> _Exercise aim_:
Leave the pictures out and print every record below exactly as it stands.

[Dataset excerpts]
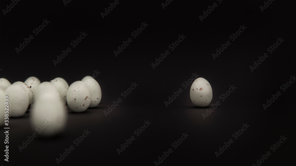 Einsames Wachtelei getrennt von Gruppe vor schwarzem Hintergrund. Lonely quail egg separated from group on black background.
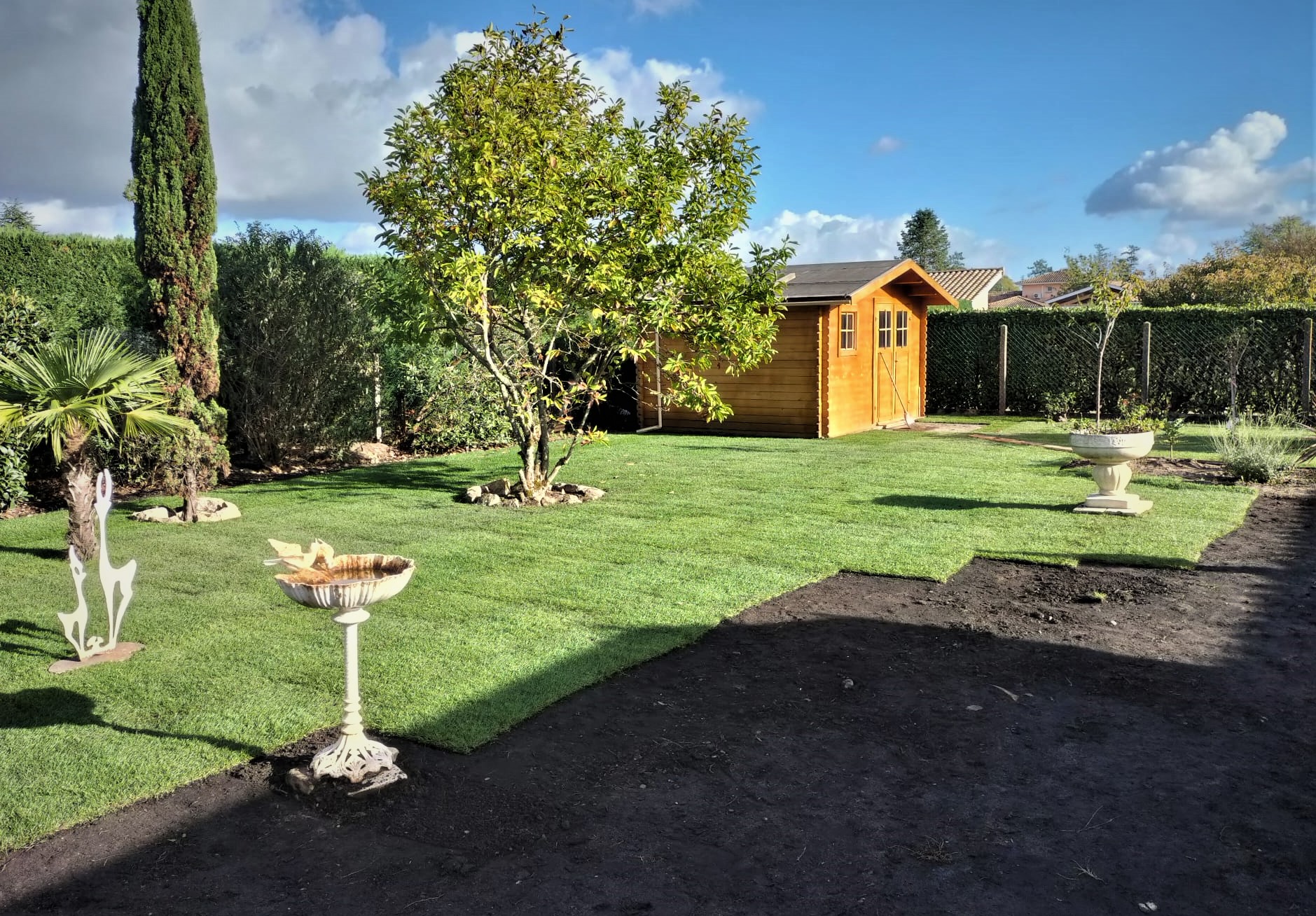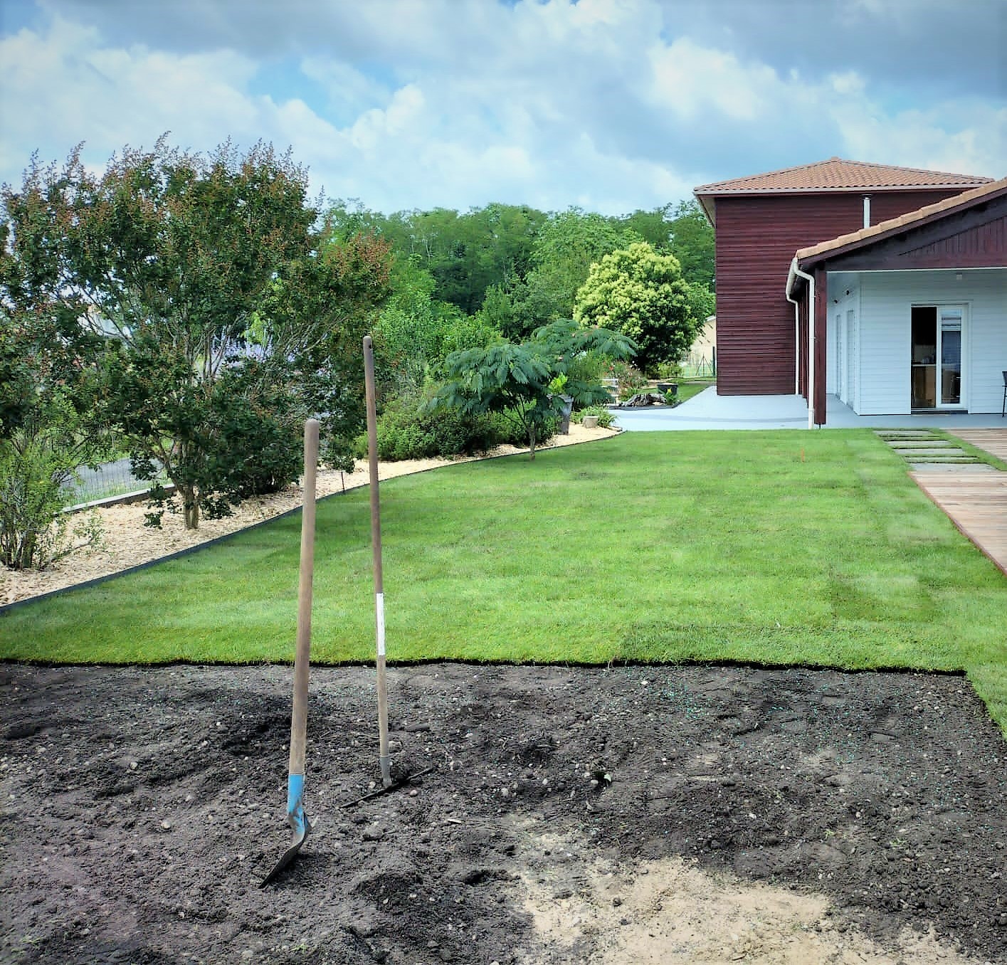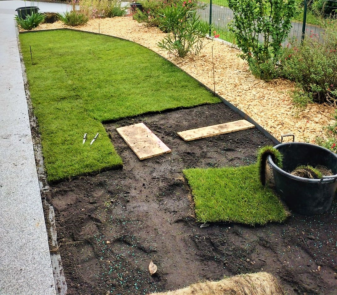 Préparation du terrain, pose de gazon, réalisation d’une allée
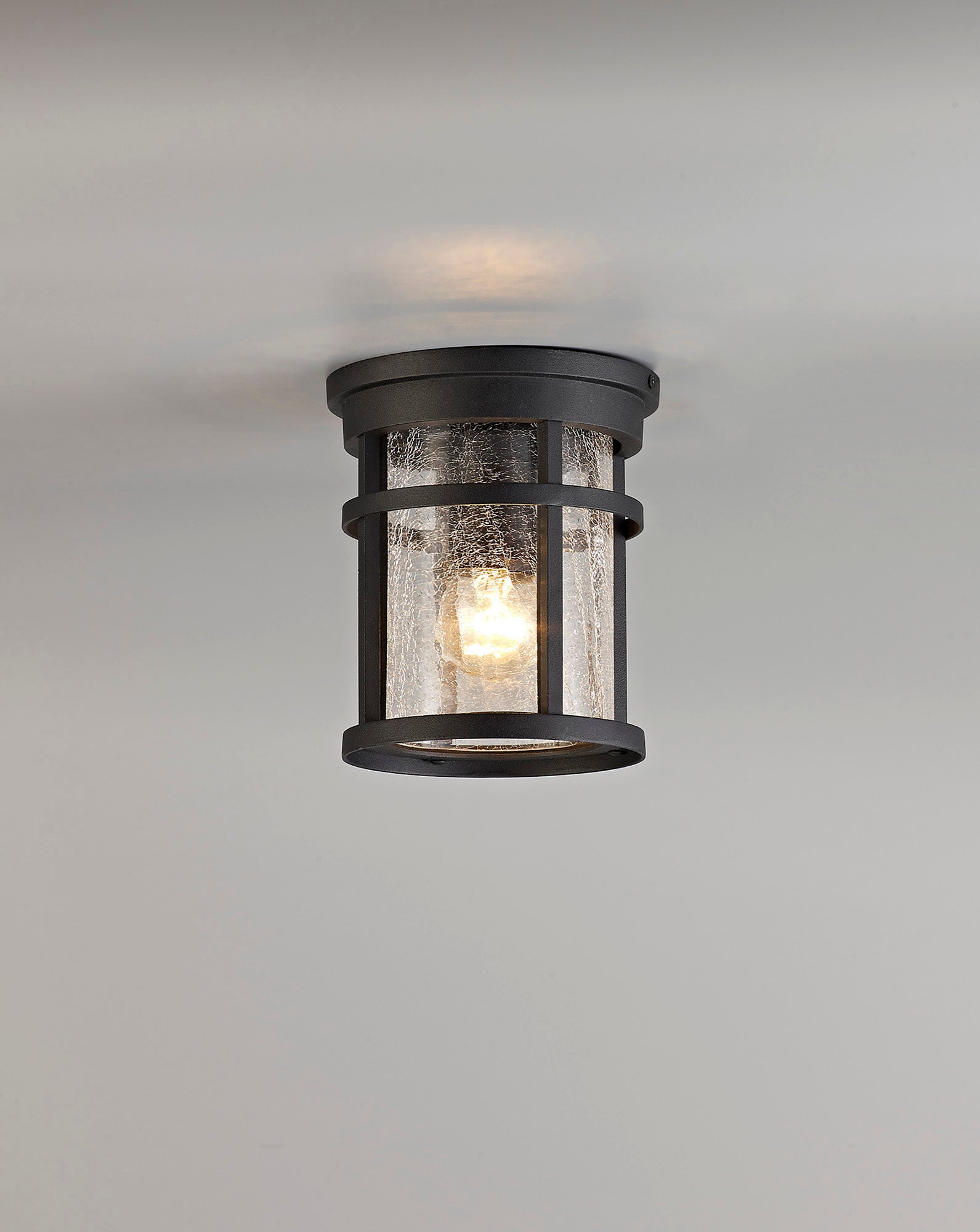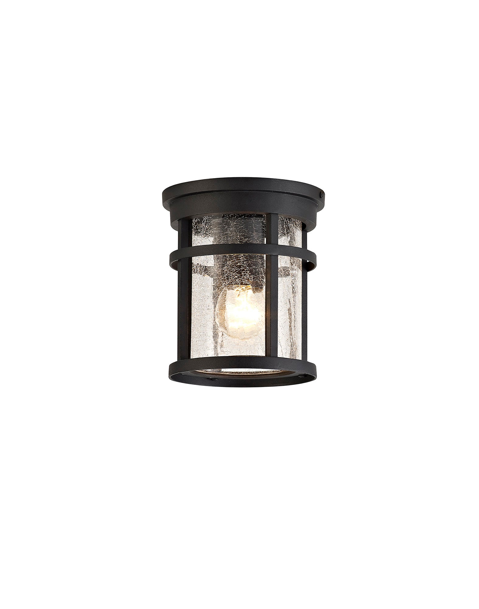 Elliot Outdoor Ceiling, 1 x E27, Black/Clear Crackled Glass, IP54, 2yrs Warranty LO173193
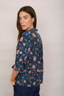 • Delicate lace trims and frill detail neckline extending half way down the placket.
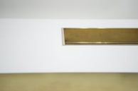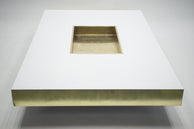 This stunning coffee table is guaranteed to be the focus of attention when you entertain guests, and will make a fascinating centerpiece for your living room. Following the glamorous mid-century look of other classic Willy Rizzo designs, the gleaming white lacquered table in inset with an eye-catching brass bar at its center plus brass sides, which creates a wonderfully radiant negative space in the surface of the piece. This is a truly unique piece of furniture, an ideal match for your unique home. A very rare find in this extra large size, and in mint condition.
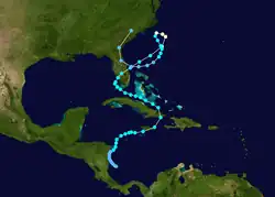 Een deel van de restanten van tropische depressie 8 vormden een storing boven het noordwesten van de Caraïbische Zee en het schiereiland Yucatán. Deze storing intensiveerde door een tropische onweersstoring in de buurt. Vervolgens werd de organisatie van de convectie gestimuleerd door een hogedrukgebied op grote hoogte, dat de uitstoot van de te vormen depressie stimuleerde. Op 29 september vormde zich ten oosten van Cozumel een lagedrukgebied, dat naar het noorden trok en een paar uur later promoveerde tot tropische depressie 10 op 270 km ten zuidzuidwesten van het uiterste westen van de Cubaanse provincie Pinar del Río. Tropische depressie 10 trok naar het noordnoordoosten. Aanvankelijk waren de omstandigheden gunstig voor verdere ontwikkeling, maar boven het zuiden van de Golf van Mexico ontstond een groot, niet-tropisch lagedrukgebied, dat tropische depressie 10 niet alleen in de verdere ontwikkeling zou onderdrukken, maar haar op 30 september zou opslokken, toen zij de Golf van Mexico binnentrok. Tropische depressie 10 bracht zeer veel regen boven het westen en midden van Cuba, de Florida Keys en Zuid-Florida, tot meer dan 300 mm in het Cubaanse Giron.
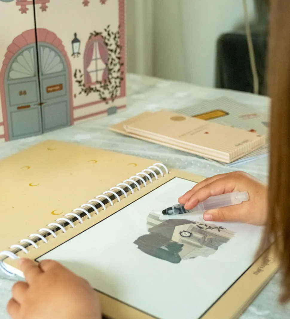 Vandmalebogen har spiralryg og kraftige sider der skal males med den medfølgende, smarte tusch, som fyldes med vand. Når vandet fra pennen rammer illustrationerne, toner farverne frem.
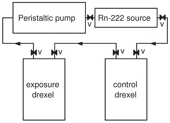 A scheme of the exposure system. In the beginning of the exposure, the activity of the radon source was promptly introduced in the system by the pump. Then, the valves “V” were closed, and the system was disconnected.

> _Result_:
 Einsames Wachtelei getrennt von Gruppe vor schwarzem Hintergrund. Lonely quail egg separated from group on black background.
 Préparation du terrain, pose de gazon, réalisation d’une allée
 Elliot Outdoor Ceiling, 1 x E27, Black/Clear Crackled Glass, IP54, 2yrs Warranty LO173193
 • Delicate lace trims and frill detail neckline extending half way down the placket.
 This stunning coffee table is guaranteed to be the focus of attention when you entertain guests, and will make a fascinating centerpiece for your living room. Following the glamorous mid-century look of other classic Willy Rizzo designs, the gleaming white lacquered table in inset with an eye-catching brass bar at its center plus brass sides, which creates a wonderfully radiant negative space in the surface of the piece. This is a truly unique piece of furniture, an ideal match for your unique home. A very rare find in this extra large size, and in mint condition.
 Een deel van de restanten van tropische depressie 8 vormden een storing boven het noordwesten van de Caraïbische Zee en het schiereiland Yucatán. Deze storing intensiveerde door een tropische onweersstoring in de buurt. Vervolgens werd de organisatie van de convectie gestimuleerd door een hogedrukgebied op grote hoogte, dat de uitstoot van de te vormen depressie stimuleerde. Op 29 september vormde zich ten oosten van Cozumel een lagedrukgebied, dat naar het noorden trok en een paar uur later promoveerde tot tropische depressie 10 op 270 km ten zuidzuidwesten van het uiterste westen van de Cubaanse provincie Pinar del Río. Tropische depressie 10 trok naar het noordnoordoosten. Aanvankelijk waren de omstandigheden gunstig voor verdere ontwikkeling, maar boven het zuiden van de Golf van Mexico ontstond een groot, niet-tropisch lagedrukgebied, dat tropische depressie 10 niet alleen in de verdere ontwikkeling zou onderdrukken, maar haar op 30 september zou opslokken, toen zij de Golf van Mexico binnentrok. Tropische depressie 10 bracht zeer veel regen boven het westen en midden van Cuba, de Florida Keys en Zuid-Florida, tot meer dan 300 mm in het Cubaanse Giron.
 Vandmalebogen har spiralryg og kraftige sider der skal males med den medfølgende, smarte tusch, som fyldes med vand. Når vandet fra pennen rammer illustrationerne, toner farverne frem.
 A scheme of the exposure system. In the beginning of the exposure, the activity of the radon source was promptly introduced in the system by the pump. Then, the valves “V” were closed, and the system was disconnected.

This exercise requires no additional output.